Pierre-Andre Galmes wrote:
Hello,
While starting to develop with OpenOffice.org, I have been asking to
myself quite a fex question about the developments tools used for C++.
There come the questions :
- How are the Makefile in the exemples of the SDK created ? By hand ?
yes, we decided to use gnu make to reduce the maintenance effort. The
makefiles running on all supported platforms and they should only show
the necessary steps. I agree that we need some documentation describing
the makefiles but i haven't found the time to do that.
- How do you generate the makefiles in general ? Do you use
automake/autoconf or any other tool ?
no, as i said the makefiles are created by hand. OO itself used a build
environment based on dmake. The SDK build env. was mainly introduced to
build the examples easily on all platforms.
- Is there a tool like qmake for QT that generates the Makefile for us
from the files in the project directory ?
no, but it would be nice to have it. But of course for Java i expect
that people use an IDE and all Java IDE's which i know are ant based.
- How to then compile the project on Windows with those Unix make ?
gnu make is available on windows and you can simply build examples in
the command shell of Windows.
- Is there any help about those compile topics ?
You can ask on dev@api.openoffice.org which is also the main mailing
list for all SDK questions.
My aim is to simplify the tasks I have to manage while developing
OpenOffice.org. At the moment, I am a bit lost with the solutions I
could use. Even modifying the Makefiles from the examples is not easy,
and automating those tasks could help to focus on the real problems.
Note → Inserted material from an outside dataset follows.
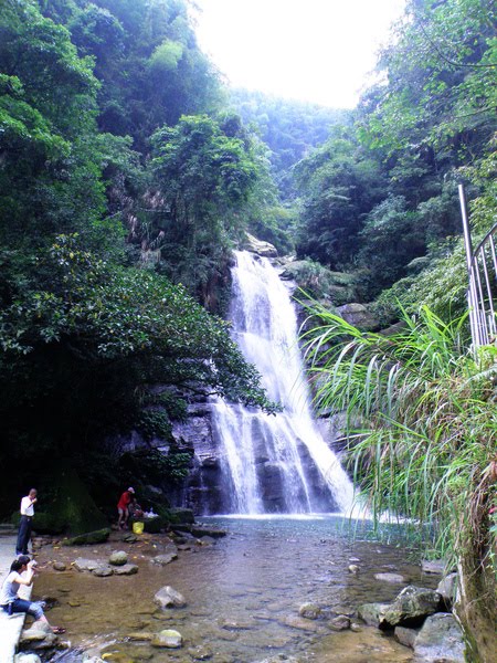 散花瀑布則是位在靈蛟瀑布的下游,雖然高度不高,但因水量充沛落下時激起大量的水花,有如天女散花般壯觀。

Where are the problems to adapt the example makefiles?
In general we have only the following steps
1. compile IDL files if own types were defined (includes compiling, rdb
creation, header file or Java class file creation)
2. For C++ you have always to create some header files for UNO base
types because the header files comes not directly with the SDK. But of
course you can do that once for all types at the beginning. Maybe i
should do that during the configuration step in the future.
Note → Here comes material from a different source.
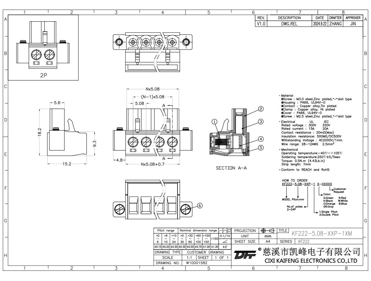 MATERIAL:M2.5,Steel Zinc platedcontact:Phosphor bronzePin header:-Housing:PA66,UL94V-0ElectricalULIECRated voltage300V320VRated current15A10AContact resistance20mΩInsulation resistance500MΩ/DC500VWithstanding voltage AC2000V/1minWire range28-12AWG2.5mm²MechanicalTemp.rang-40℃~+105℃Max.soldering+250℃,5secTorque0.4N.m3.5Lb.inStrip length7-8mm

3. compiling C++ or Java sources in dependency of 1. or 2. if necessary
For Java you have to create a manifest entry to indentify your
registration class.
4a. Client applications
C++: rename your application with leading "_", copy unoapploader
binary in the same directory and rename it to your original application name
Java: create manifest entry and put the bootstrap glue code from the
SDK classes directory into your jar file
4b. UNO components
zip all necessary files into a zip file with the extension *.uno.pkg,
create a manifest.xml with the appropriate entries
For details of UNO packages see the Developers Guide or ask me again.
Juergen
Could anyone give me some help, please ? Thanks-you.